Diese Athleten zeigen, dass sich die Zusammenarbeit von Schule und Sport positiv auswirkt. Die Carl-von-Weinberg-Schule bietet die Möglichkeit des Sportabiturs. Schüler werden zu Wettkämpfen und Trainingseinheiten vom Unterricht freigestellt. Zusätzlich kann Frühtraining bereits in den Stundenplan integriert werden. Trotzdem sagt Lutz Arndt: "Wir dürfen uns nicht zurück lehnen." Es gäbe Stärken und Schwächen in der Förderung der hessischen Leistungssportler. Eine negativ Tendenz ist die demographische Entwicklung. "Es gibt weniger Talente, weil weniger Talente geboren werden", so Lutz Arndt. Ein weiteres Problem sieht er im Turbo-Abitur. Für den Leistungssport bleibe da keine Zeit.

Neue Akademie

Der deutsche Turnerbund baut zur Zeit am Frankfurter Olympiastützpunkt in der Otto-Fleck-Schneise eine neue Akademie. Hier sollen zukünftig alle Räumlichkeiten für die Verwaltung des Verbandes unterkommen. Jetzt befinden sich diese Räume noch im "Haus der Athleten", der Heimat vieler Internatsschüler und Kadersportler.
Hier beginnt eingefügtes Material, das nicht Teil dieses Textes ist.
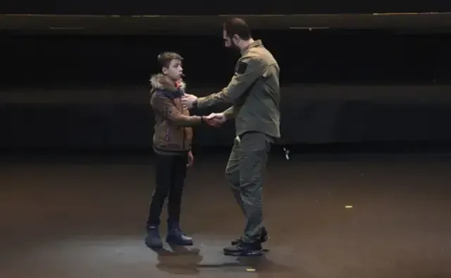'Ümran bebek' olarak ünlenen fotoğrafın ardından 13 yaşında bir çocuk olarak kutlama etkinliklerine katılan Dakneş, sahneye çıkarak zafer konuşması yaptı.
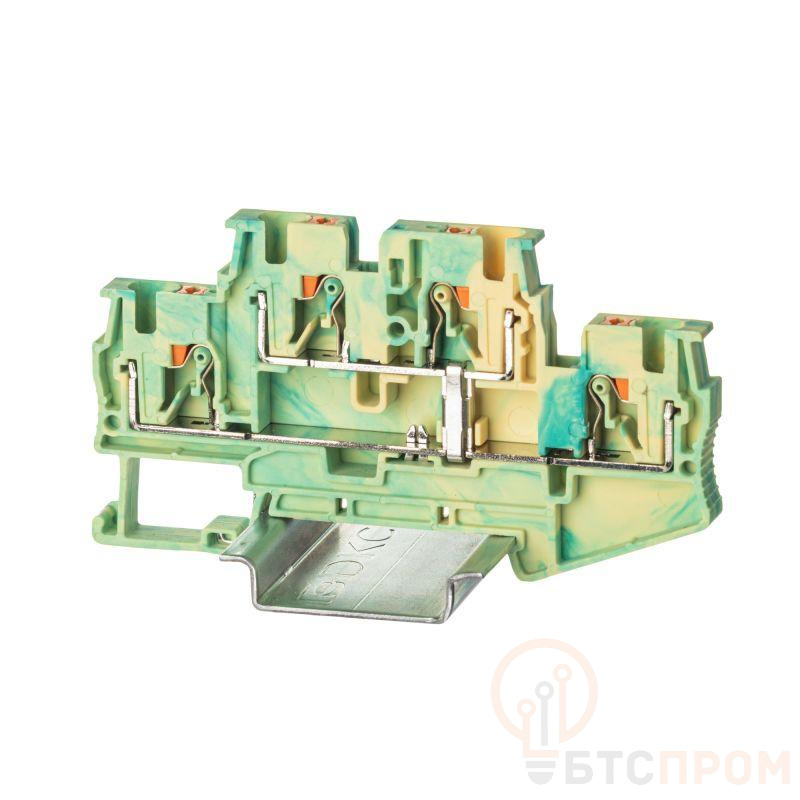 Клемма для заземления двухуровневая с Push-in зажимом. За счет кнопки-толкателя обеспечивается защита от ошибок при монтаже и случайного прикосновения. Клемма имеет электрический контакт с DIN-рейкой. Монтаж осуществляется на DIN-рейку OMEGA. Температура эксплуатации от -40 до +105оС. Корпус выполнен из ПА 6.6 с классом горючести V0 UL-94. Желто-зеленый цвет, 4 точки подключения, 4 мм2. Система вставных перемычек. Габариты (В?Ш?Г) 47,6?83,7?6,2 мм.

Durch den Wegzug der Verwaltung wird dieses Stockwerk frei. "Wir wollen etwas bewegen", sagt Arndt und verkündet, dass das Haus der Athleten von 34 auf 50 bis 55 Plätze erweitert wird.

Die Finanzierung ist gesichert. Das Haus der Athleten wird im selben Zug saniert und modernisiert. Die Plätze werden an einzelne Sportler vergeben. Zusätzlich wird seit mehr als zehn Jahren versucht, ein Internat für Mannschaftssportarten aufzubauen. Doch die Aussichten dafür sind nach wie vor nicht rosig. "Die Trainingsmöglichkeiten sind in der Otto-Fleck-Schneise einfach nicht gegeben", sagt Werner Schäfer, der Leiter des Olympiastützpunktes Hessen. "Mittelfristig soll an der Carl-von-Weinberg-Schule ein solches Internat gebaut werden. Die zukünftige Drei-Felder-Halle bietet die Trainingsmöglichkeiten", so Arndt.